Rate this Page

Int4WeightOnlyConfig#

class torchao.quantization.Int4WeightOnlyConfig(group_size: int = 128, set_inductor_config: bool = True, int4_packing_format: Int4PackingFormat = Int4PackingFormat.PLAIN, int4_choose_qparams_algorithm: Int4ChooseQParamsAlgorithm = Int4ChooseQParamsAlgorithm.TINYGEMM, int4_tile_packed_ntile: int = 8, version: int = 2)[source][source]#

Configuration for int4 weight only quantization, only groupwise quantization is supported.

Parameters:
  • group_size – parameter for quantization, controls the granularity of quantization, smaller size is more fine grained, choices are [256, 128, 64, 32]

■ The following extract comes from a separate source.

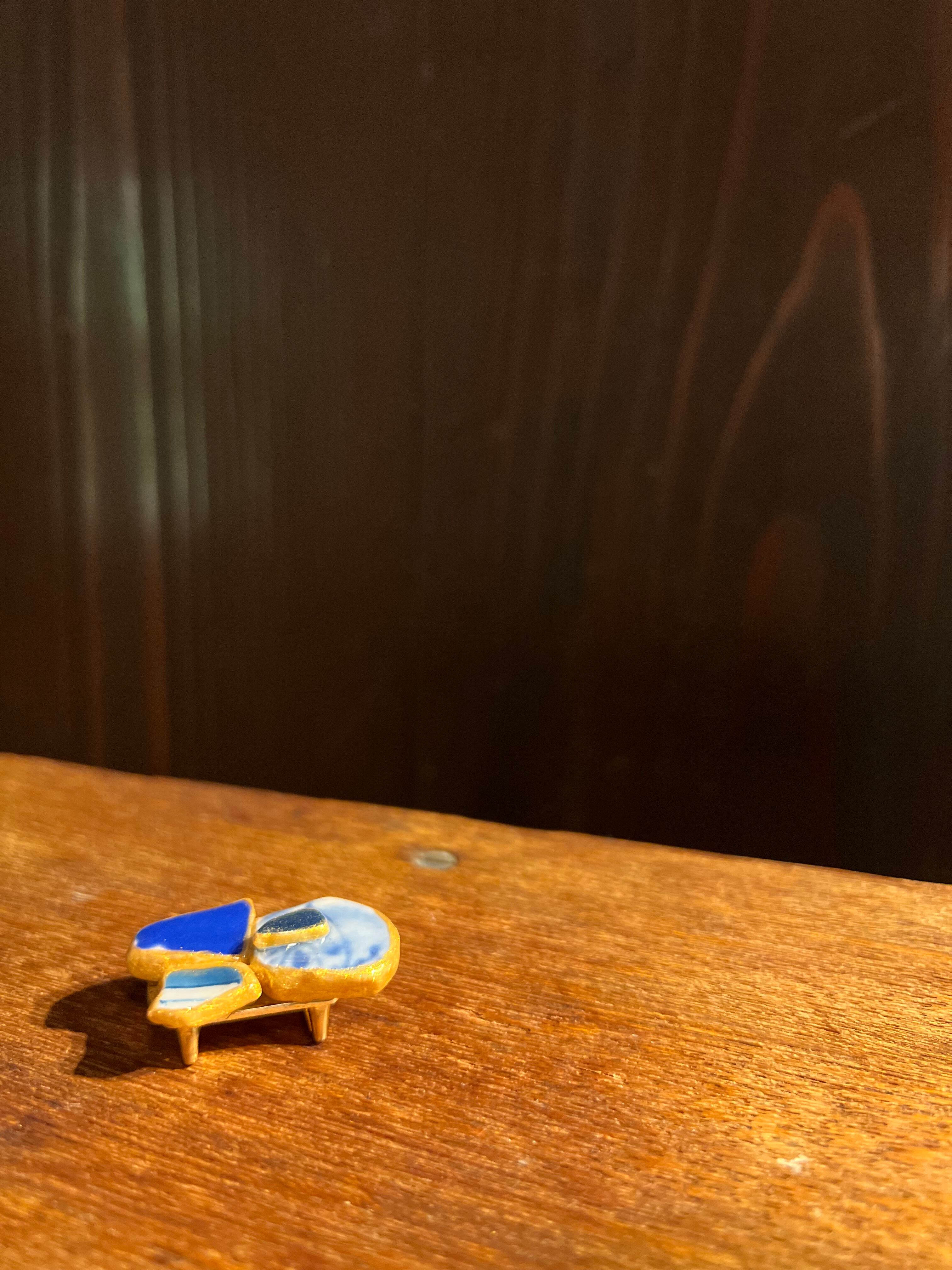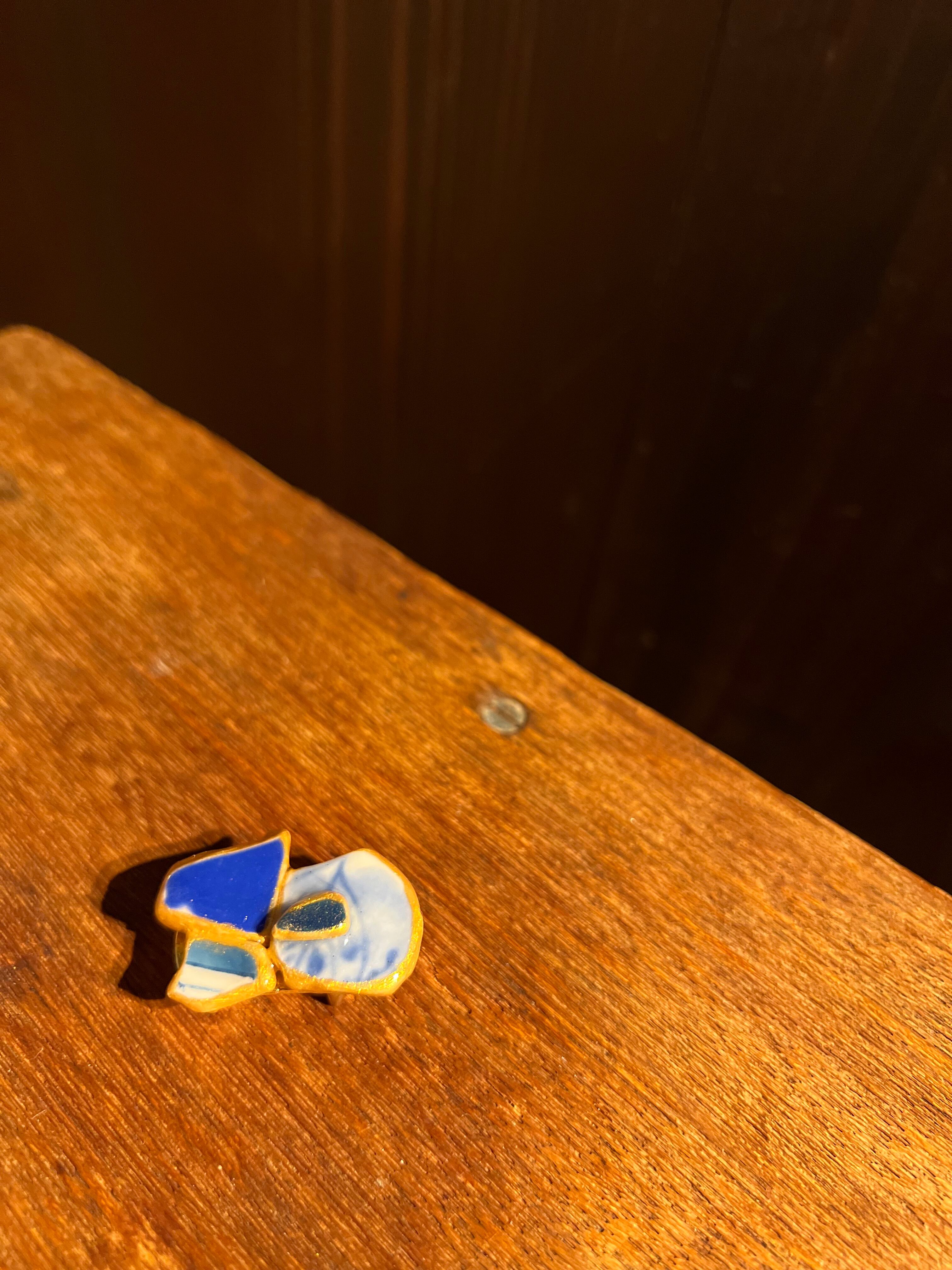 シー陶器とシーグラスを金継ぎ風帯留です。

  • int4_packing_format – the packing format for int4 tensor

  • int4_choose_qparams_algorithm – variants of choose qparams algorithm to use for int4, currently support TINYGEMM (“tinygemm”) and HQQ (“hqq”)

  • set_inductor_config – if True, adjusts torchinductor settings to recommended values.

  • int4_tile_packed_ntile – ntile size for TILED_PACKED_TO_4D format, default is 8 for CUDA platform, 16 for ROCm platform

Example:

import torch.nn as nn

from torchao.quantization import Int4WeightOnlyConfig, quantize_

model = nn.Sequential(nn.Linear(2048, 2048, device="cuda"))

config = Int4WeightOnlyConfig(
    group_size=32,
    int4_packing_format="tile_packed_to_4d",
    int4_choose_qparams_algorithm="hqq",
)

quantize_(model, config)